Directions for this task >> Using the material below, print the line that contains "油热,放入腌好的肉丝,赶紧用", the line that contains "A happy, hungry", and every line in between, exactly and nothing else.

---- Data supplied

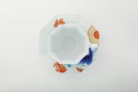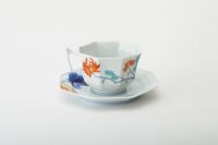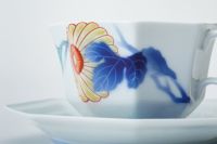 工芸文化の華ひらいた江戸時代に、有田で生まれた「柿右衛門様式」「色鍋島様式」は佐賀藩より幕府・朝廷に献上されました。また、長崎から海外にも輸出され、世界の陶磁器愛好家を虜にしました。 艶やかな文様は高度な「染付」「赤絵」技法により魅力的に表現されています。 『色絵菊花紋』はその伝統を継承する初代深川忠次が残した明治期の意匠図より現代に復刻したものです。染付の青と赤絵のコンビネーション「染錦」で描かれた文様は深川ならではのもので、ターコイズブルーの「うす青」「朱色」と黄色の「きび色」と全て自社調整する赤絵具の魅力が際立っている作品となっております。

--------
---- Data supplied

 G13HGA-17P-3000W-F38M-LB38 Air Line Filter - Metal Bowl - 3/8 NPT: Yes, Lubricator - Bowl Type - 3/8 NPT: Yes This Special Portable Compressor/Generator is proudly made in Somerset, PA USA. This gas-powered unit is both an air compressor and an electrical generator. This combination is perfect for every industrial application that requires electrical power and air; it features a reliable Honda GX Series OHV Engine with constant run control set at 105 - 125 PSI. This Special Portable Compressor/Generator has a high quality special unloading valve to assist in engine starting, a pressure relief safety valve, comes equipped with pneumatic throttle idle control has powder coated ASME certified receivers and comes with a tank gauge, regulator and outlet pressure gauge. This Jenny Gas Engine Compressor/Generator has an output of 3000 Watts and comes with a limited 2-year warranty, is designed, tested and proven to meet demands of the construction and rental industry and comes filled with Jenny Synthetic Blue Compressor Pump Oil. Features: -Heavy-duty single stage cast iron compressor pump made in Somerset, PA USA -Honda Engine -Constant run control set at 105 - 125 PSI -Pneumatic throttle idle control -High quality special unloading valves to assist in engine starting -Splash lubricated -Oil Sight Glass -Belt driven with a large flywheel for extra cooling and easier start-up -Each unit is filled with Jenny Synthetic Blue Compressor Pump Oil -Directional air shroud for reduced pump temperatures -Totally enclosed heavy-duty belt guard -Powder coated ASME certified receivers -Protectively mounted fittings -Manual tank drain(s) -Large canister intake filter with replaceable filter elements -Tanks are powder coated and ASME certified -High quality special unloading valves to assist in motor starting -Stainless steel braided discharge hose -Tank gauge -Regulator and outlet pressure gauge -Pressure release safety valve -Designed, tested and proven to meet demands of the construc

--------
---- Data supplied

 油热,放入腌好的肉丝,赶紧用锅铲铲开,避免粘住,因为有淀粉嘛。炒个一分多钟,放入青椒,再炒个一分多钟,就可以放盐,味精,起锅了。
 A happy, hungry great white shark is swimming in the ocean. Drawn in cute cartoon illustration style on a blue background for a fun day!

--------

Response area >>
 油热,放入腌好的肉丝,赶紧用锅铲铲开,避免粘住,因为有淀粉嘛。炒个一分多钟,放入青椒,再炒个一分多钟,就可以放盐,味精,起锅了。
 A happy, hungry great white shark is swimming in the ocean. Drawn in cute cartoon illustration style on a blue background for a fun day!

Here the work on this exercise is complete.